» Exercise aim: Find the line with "Un capo versatile" in the entries below, then output every line from it down to the line with "Polini offre tutti", exactly and with no pictures.
-*-*-
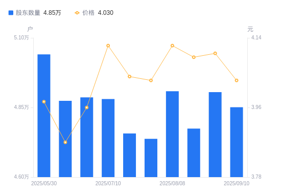 近一年(2024年9月20日至2025年9月10日),浙江交科A股股东户数从5.33万户,减低至4.85万户,降幅8.97%,区间股价上涨24.19%。
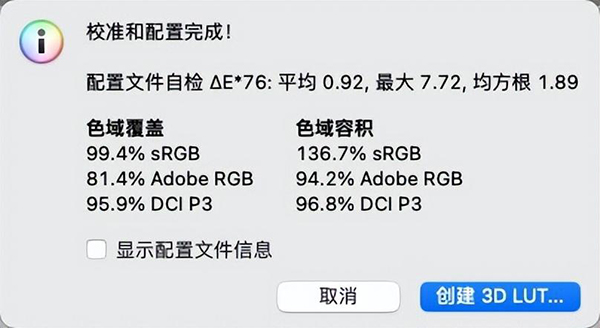 色域色準方面,我們調(diào)到了鮮艷模式進行測試,做到了100% sRGB、91% Adobe RGB和100%DCI-P3色域覆蓋,還有僅0.27的平均△E高色準,這塊屏幕真的非常頂級。
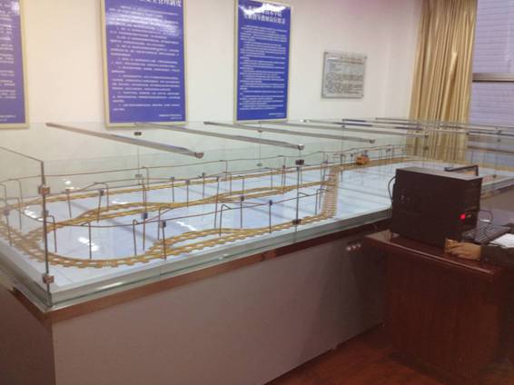LG-MXD04型 井底車場(chǎng)及電機(jī)車信、集、閉系統(tǒng)演示裝置能夠反映出井底車場(chǎng)主要巷道和主要硐室,井底車場(chǎng)與井筒、運(yùn)輸大巷的聯(lián)系及線路布置。能直觀演示信、集、閉系統(tǒng)的布置方式、程控、工作原理以及電機(jī)車在井底車場(chǎng)運(yùn)行方式,可對(duì)道岔進(jìn)行控制。系統(tǒng)采用微計(jì)算機(jī)或PLC控制。
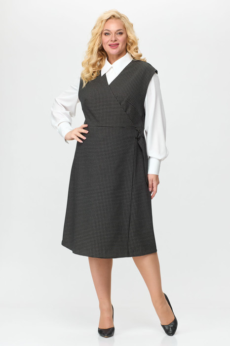Идеальный офисный комплект состоит из сарафана и блузки. Сарафан полуприлегающего силуэта, отрезной по линии талии, на запах с поясом. Полочка с нагрудными вытачками. Спинка со средним швом. Обтачка по спинке (обработка горловины), глубокая. Блуза прямого силуэта, нежная и струящаяся, ткань стойкая к сминанию. По центру полочки застежка в виде планки на 7 петель, 7 пуговиц. Воротник стояче-отложной, рукав втачной, внизу обработан притачной манжетой. В боковых швах небольшие разрезы.
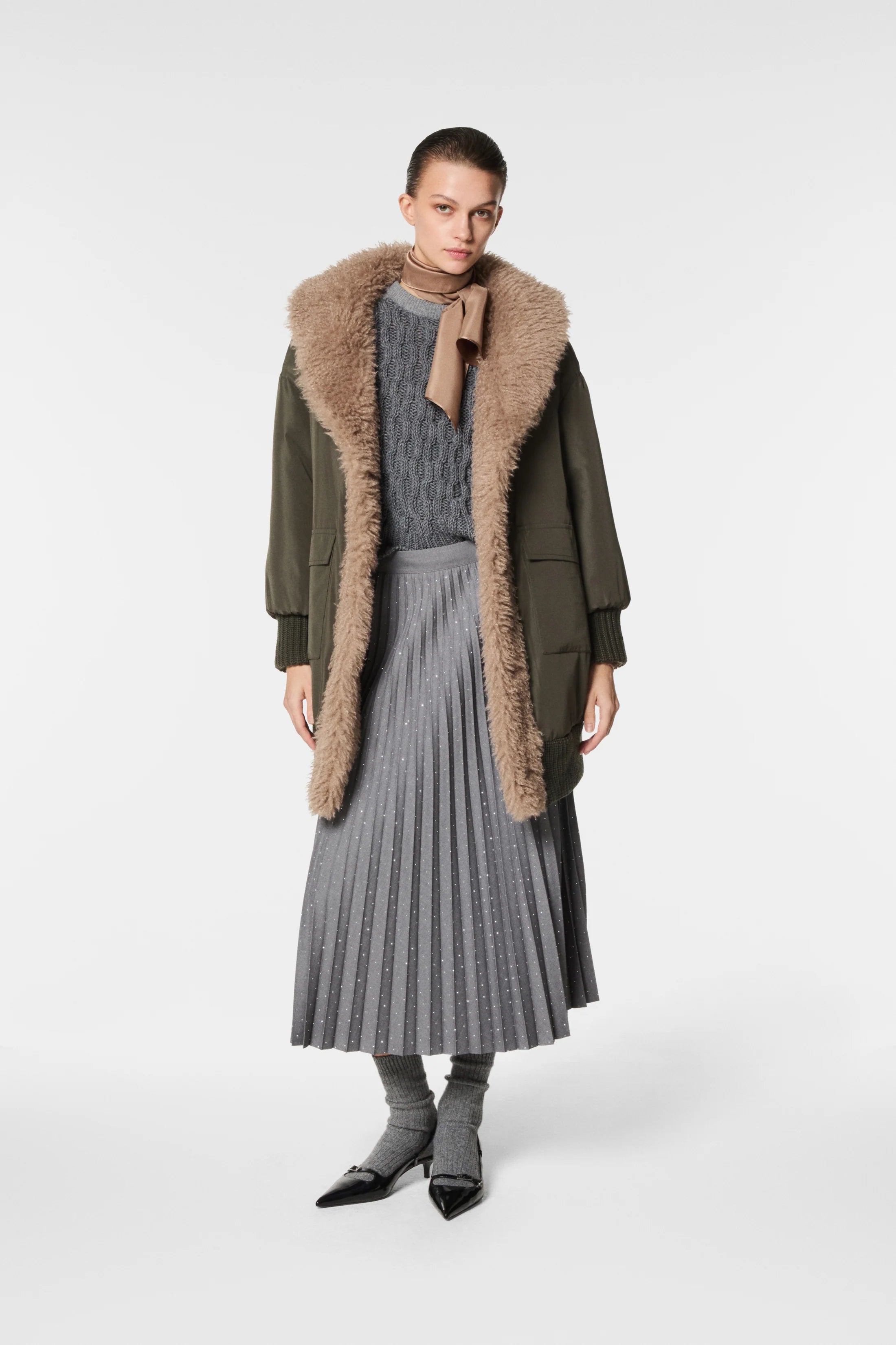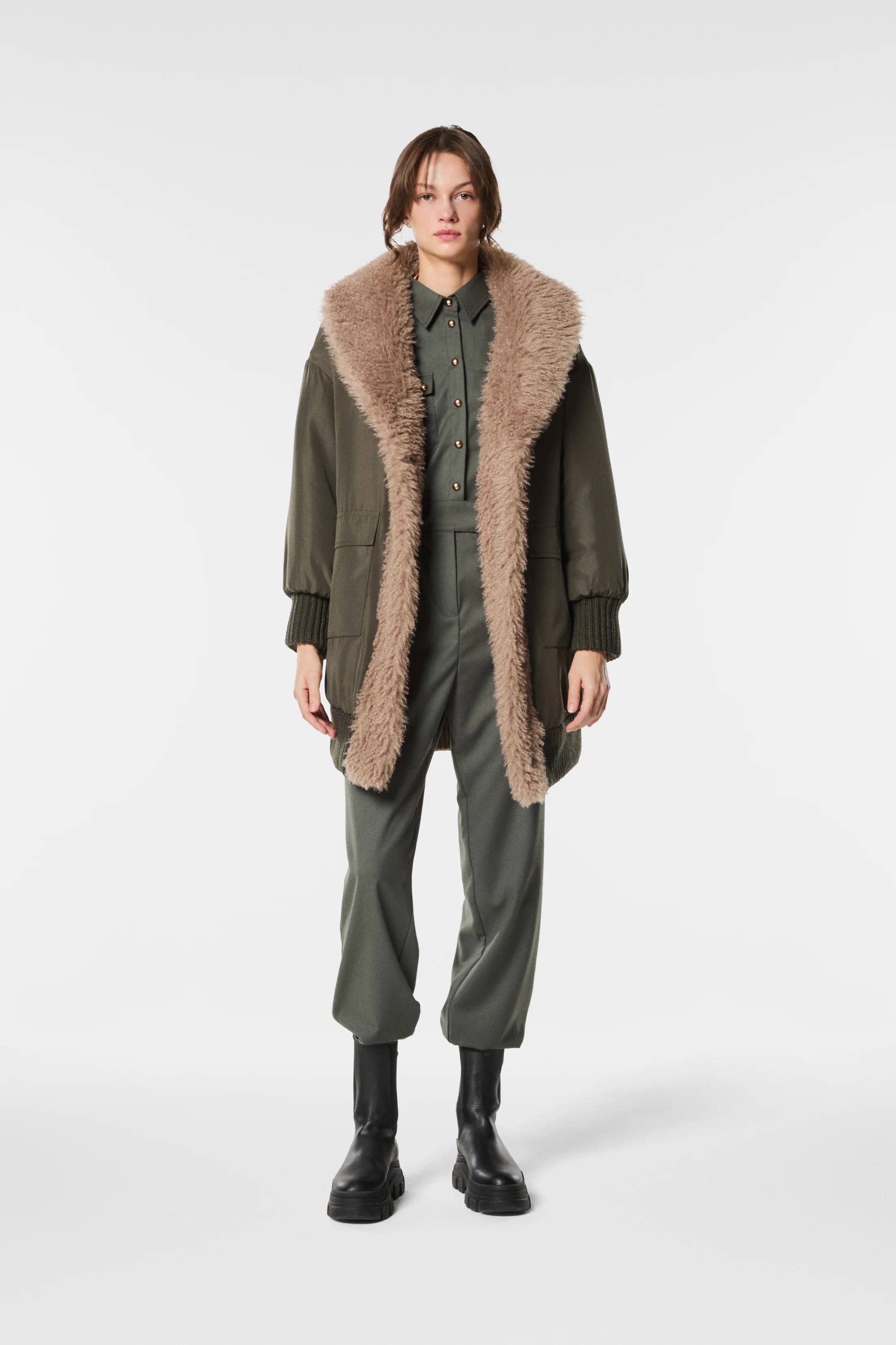 Un capo versatile e contemporaneo, perfetto per look casual-chic. Parka da un lato, nylon tecnico per un effetto moderno e leggero, dall’altro ecopelliccia curly per calore e stile. Reversibile e pratico, trasforma ogni outfit con un tocco sofisticato e confortevole, ideale da abbinare a pantaloni o gonne
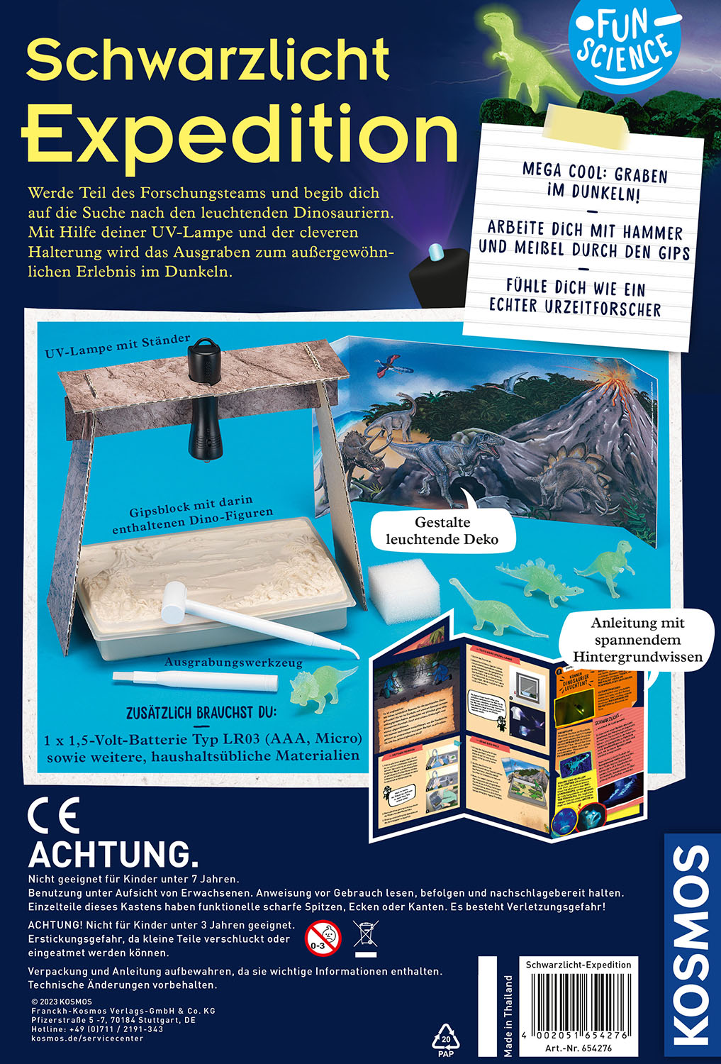 Ausgrabung mit Herzklopfen: Denn diese Dino-Figuren sind nachtleuchtend und können nur im Dunkeln und im Licht der speziellen UV-Lampe gefunden werden! Ob Stegosaurus, Tyrannosaurus Rex oder ihre Artverwandten - sie alle liegen im Gipsblock verborgen und müssen mit Hammer und Meißel Stück für Stück freigelegt werden. Damit die UV-Lampe bei der archäologischen Arbeit nicht im Weg ist, basteln die Kinder gleich zu Anfang einen praktischen Ständer, der die Ausgrabungsstätte von oben beleuchtet. Der zusätzliche Aufsteller bietet ein urzeitliches Panorama und setzt die Dino-Schar auch nach der Ausgrabung noch toll in Szene. Das KOSMOS Ausgrabungsset eröffnet selbst erfahrenen Dino-Fans zwischen 7 und 11 Jahren noch ein neues urzeitliches Erlebnis.Dieses Abenteuer beginnt, sobald es dunkel wird! Denn mithilfe ihrer speziellen UV-Lampe entdecken die Kinder immer mehr geheimnisvoll leuchtende Dinos in ihrer Ausgrabungsstätte! Damit die Hände frei bleiben für Hammer und Meißel, wird für die Lampe direkt ein praktischer Ständer gebaut. Mit dem UV-aktiven Panorama als Aufsteller kommt während und nach der Ausgrabung besonders urzeitliche Atmosphäre auf. Und so bieten die nachtleuchtenden Figuren von Stegosaurus, Tyrannosaurus Rex und Co. selbst erfahrene Fans ein ganz besonders Dino-Erlebnis.
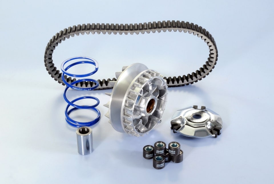 Polini offre tutti gli elementi della trasmissione. La frizione è regolabile intervenendo sulle molle, quindi si può tarare scooter per scooter, a seconda delle preferenze e delle prestazioni per avere l’attacco migliore. Va abbinata alla campana frizione Polini, ricavata dal pieno, e al variatore Evolution che comprende una cinghia più stretta dell’originale, dedicata al sistema Polini, le molle di contrasto e naturalmente i rulli di scorrimento del variatore.
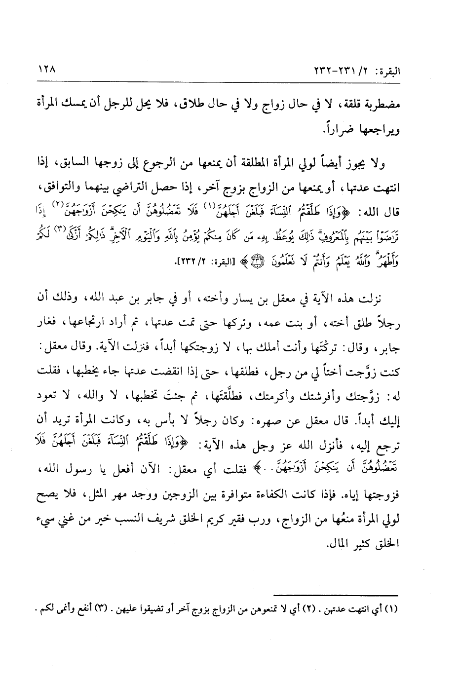 وَإِذا طَلَّقْتُمُ النِّساءَ فَبَلَغْنَ أَجَلَهُنَّ فَلا تَعْضُلُوهُنَّ أَنْ يَنْكِحْنَ أَزْواجَهُنَّ إِذا تَراضَوْا بَيْنَهُمْ بِالْمَعْرُوفِ ذلِكَ يُوعَظُ بِهِ مَنْ كانَ مِنْكُمْ يُؤْمِنُ بِاللَّهِ وَالْيَوْمِ الْآخِرِ ذلِكُمْ أَزْكى لَكُمْ وَأَطْهَرُ وَاللَّهُ يَعْلَمُ وَأَنْتُمْ لا تَعْلَمُونَ (232)
-*-*-
» Answer space:
 Un capo versatile e contemporaneo, perfetto per look casual-chic. Parka da un lato, nylon tecnico per un effetto moderno e leggero, dall’altro ecopelliccia curly per calore e stile. Reversibile e pratico, trasforma ogni outfit con un tocco sofisticato e confortevole, ideale da abbinare a pantaloni o gonne
 Ausgrabung mit Herzklopfen: Denn diese Dino-Figuren sind nachtleuchtend und können nur im Dunkeln und im Licht der speziellen UV-Lampe gefunden werden! Ob Stegosaurus, Tyrannosaurus Rex oder ihre Artverwandten - sie alle liegen im Gipsblock verborgen und müssen mit Hammer und Meißel Stück für Stück freigelegt werden. Damit die UV-Lampe bei der archäologischen Arbeit nicht im Weg ist, basteln die Kinder gleich zu Anfang einen praktischen Ständer, der die Ausgrabungsstätte von oben beleuchtet. Der zusätzliche Aufsteller bietet ein urzeitliches Panorama und setzt die Dino-Schar auch nach der Ausgrabung noch toll in Szene. Das KOSMOS Ausgrabungsset eröffnet selbst erfahrenen Dino-Fans zwischen 7 und 11 Jahren noch ein neues urzeitliches Erlebnis.Dieses Abenteuer beginnt, sobald es dunkel wird! Denn mithilfe ihrer speziellen UV-Lampe entdecken die Kinder immer mehr geheimnisvoll leuchtende Dinos in ihrer Ausgrabungsstätte! Damit die Hände frei bleiben für Hammer und Meißel, wird für die Lampe direkt ein praktischer Ständer gebaut. Mit dem UV-aktiven Panorama als Aufsteller kommt während und nach der Ausgrabung besonders urzeitliche Atmosphäre auf. Und so bieten die nachtleuchtenden Figuren von Stegosaurus, Tyrannosaurus Rex und Co. selbst erfahrene Fans ein ganz besonders Dino-Erlebnis.
 Polini offre tutti gli elementi della trasmissione. La frizione è regolabile intervenendo sulle molle, quindi si può tarare scooter per scooter, a seconda delle preferenze e delle prestazioni per avere l’attacco migliore. Va abbinata alla campana frizione Polini, ricavata dal pieno, e al variatore Evolution che comprende una cinghia più stretta dell’originale, dedicata al sistema Polini, le molle di contrasto e naturalmente i rulli di scorrimento del variatore.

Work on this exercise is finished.